Now I ask, how much would these guys make if they could do things with that speed in a real mechanics shop where fully disassembling a vehicle likely has 20+ hours of labor tied to it.
For one, everything would be bolted down with the bolts torqued to spec, instead of just strong enough to hold things together for a demonstration run.
Also things tend to rust and taking oxidized stuff apart without breaking it takes quite a bit of time and preparation, sometimes multiple days (if the part is precious enough, for instance on classics it can definitely be worth the extra effort).
Then there's the accessibility of parts, this is a ladder chassis car, which means that the chassis and the body are two separate parts. That makes for a vehicle that is very easy to disassemble at the expense of a higher weight (and so reduced fuel economy) higher manufacturing expense and less safety in the case of an accident.
So you'd never ever get this kind of performance in real life situations.
When I saw this, I imagined doing the same thing (alone) with my old 1987 Toyota pickup. It is difficult for one person to completely remove the body (I've had to raise it by myself to install body spacers) from the frame, but once the body is off, the rest of the truck would disassemble easily. Most of the effort is dealing with rusted/frozen fasteners. The rest of the vehicle comes apart fairly easily. Working on these older, simpler vehicles is pretty straightforward.
Contrast with my 350Z: it would take days to accomplish the same thing. Much more integrated system and access is more difficult.
I do the same thing whenever I take electronic devices apart. I never really thought about it, though.
Actually, I tend to use spatial organization a lot. For example, I can leave myself a reminder just by moving an object in my room to an unusual spot. For example, maybe I think of something right when I'm about to go to bed. I might just put my glasses somewhere slightly unusual (but not somewhere hard to find) and then I'll remember to think about what I was supposed to when I wake up.
Yes I do that all the time too. If I have a particularly good idea while I'm in bed, but am too lazy to get up and write it down, I'll usually stack some objects on my dresser in a weird pile, and when I wake up I see the pile and remember what I had thought about.

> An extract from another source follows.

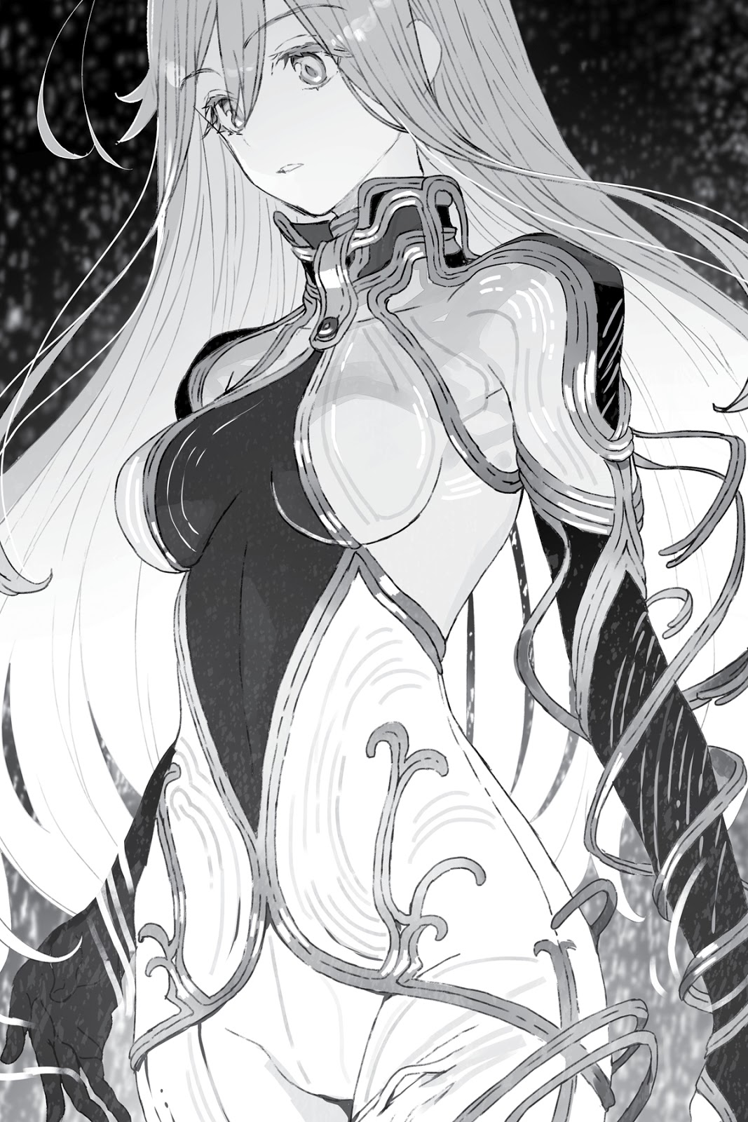 Sensor komposit yang dipasang di lingkar luar kanopi di tingkat alas tertinggi masih berfungsi. Personel komando mengamati pemandangan berpendar dari pemandangan bersalju di depan mereka dengan ekspresi tegang. Prosesor berdiri diam dengan warna biru bajaseragam, begitu pula gadis berambut perak berpakaian biru Prusia yang menjabat sebagai tuan mereka.

Sadly this kind of spatial organization ability is mostly lacking in computer interfaces, although that seems to be changing recently with things like Panorama in Firefox 4 (and other things I'm probably not aware of).
It's not completely lacking. I can just move a file to a different place on my computer's desktop, just as easily as I could move a real file on a normal desk to leave myself a message.

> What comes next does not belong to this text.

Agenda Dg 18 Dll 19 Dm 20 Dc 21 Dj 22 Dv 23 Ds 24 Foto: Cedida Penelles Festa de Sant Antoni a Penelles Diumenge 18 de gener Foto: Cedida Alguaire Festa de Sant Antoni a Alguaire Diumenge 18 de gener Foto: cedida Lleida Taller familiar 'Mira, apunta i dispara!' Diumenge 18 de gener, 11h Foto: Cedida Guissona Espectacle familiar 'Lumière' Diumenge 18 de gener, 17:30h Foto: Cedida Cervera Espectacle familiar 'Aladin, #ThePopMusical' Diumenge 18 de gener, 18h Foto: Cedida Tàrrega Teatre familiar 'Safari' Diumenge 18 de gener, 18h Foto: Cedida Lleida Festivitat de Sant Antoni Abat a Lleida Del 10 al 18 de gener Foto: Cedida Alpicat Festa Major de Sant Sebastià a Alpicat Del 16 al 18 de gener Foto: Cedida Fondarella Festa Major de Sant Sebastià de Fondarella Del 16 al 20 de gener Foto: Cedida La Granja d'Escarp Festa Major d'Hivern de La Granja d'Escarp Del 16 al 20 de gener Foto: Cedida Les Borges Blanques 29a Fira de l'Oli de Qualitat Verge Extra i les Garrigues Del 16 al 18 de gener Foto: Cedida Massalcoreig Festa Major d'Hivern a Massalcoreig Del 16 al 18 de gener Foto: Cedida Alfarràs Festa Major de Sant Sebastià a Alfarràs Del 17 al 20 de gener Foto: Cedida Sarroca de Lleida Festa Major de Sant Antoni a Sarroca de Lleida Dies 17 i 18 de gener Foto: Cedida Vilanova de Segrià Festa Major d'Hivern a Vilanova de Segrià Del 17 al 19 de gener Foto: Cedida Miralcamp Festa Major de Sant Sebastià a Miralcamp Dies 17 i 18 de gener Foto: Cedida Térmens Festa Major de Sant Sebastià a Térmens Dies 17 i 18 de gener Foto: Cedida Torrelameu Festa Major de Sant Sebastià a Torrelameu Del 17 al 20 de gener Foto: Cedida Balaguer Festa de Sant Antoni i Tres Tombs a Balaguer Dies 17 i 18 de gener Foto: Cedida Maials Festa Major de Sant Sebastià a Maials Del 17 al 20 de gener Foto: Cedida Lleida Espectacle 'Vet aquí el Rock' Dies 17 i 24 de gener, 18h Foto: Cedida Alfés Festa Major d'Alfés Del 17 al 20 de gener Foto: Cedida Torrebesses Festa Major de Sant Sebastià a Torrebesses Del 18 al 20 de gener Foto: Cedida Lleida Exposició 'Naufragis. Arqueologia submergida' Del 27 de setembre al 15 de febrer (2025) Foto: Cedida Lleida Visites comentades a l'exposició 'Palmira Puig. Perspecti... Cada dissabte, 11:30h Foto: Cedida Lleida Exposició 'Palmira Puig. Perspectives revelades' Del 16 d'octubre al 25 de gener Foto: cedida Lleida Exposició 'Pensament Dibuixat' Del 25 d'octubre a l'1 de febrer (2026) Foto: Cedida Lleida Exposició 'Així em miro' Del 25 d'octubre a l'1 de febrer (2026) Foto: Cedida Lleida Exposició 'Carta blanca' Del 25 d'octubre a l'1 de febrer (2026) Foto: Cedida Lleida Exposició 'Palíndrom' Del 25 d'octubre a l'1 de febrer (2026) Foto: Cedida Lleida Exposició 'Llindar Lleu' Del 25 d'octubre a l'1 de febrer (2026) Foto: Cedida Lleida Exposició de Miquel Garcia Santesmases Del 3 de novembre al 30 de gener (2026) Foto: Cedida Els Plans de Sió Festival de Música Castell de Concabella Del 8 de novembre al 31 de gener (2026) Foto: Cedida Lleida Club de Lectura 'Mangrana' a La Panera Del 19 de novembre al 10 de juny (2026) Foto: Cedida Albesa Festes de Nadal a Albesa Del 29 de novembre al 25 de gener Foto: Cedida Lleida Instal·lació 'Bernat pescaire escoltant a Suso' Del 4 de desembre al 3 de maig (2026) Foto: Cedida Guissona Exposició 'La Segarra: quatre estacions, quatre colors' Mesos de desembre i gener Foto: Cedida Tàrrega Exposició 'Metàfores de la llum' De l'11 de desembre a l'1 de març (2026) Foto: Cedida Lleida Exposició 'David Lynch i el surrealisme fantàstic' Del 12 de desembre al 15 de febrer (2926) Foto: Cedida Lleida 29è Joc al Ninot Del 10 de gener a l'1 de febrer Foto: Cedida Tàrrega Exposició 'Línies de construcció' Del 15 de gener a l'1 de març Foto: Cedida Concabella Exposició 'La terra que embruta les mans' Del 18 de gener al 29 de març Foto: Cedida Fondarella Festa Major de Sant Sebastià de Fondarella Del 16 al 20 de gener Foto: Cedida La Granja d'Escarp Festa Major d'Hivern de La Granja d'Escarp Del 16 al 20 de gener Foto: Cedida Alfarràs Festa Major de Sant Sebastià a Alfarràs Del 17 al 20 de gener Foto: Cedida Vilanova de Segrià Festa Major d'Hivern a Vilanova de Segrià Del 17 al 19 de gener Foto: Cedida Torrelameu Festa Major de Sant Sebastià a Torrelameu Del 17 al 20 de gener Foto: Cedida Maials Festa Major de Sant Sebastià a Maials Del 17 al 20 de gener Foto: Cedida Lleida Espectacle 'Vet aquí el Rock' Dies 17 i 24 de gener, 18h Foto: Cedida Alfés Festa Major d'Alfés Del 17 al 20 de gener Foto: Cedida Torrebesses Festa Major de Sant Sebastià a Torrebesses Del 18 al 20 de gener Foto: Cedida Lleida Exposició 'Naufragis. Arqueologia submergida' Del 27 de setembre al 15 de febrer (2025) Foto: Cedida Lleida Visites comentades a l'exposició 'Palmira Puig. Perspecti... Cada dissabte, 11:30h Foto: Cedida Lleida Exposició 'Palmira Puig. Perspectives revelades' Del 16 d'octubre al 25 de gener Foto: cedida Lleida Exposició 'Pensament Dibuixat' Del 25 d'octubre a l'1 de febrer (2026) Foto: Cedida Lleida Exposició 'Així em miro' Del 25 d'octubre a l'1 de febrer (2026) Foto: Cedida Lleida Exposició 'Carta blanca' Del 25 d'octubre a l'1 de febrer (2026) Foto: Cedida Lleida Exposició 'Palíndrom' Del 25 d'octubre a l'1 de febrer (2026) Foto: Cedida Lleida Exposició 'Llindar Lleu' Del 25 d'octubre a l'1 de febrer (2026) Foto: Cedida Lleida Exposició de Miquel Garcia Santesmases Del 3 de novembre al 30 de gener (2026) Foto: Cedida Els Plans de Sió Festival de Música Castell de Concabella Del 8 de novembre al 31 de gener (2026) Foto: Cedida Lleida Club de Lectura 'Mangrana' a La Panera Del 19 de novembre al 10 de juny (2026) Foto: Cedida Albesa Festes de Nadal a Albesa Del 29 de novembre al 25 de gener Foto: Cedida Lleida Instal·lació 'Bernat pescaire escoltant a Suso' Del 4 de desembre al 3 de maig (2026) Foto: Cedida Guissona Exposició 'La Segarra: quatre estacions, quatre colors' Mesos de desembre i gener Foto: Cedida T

The interesting thing is that it doesn't even have to be relevant to what it's supposed to remind me of. In fact, the more unique (and thereby, less relevant) the change is, the better the odds are that I'll remember what I want to.
The primary downside is that it makes you more sensitive to people moving your stuff around. They generally have no clue that they could be disrupting something.
The key is to put things down where you'll think to look for them when you want to pick them up again. The same principle works when deciding how to structure code.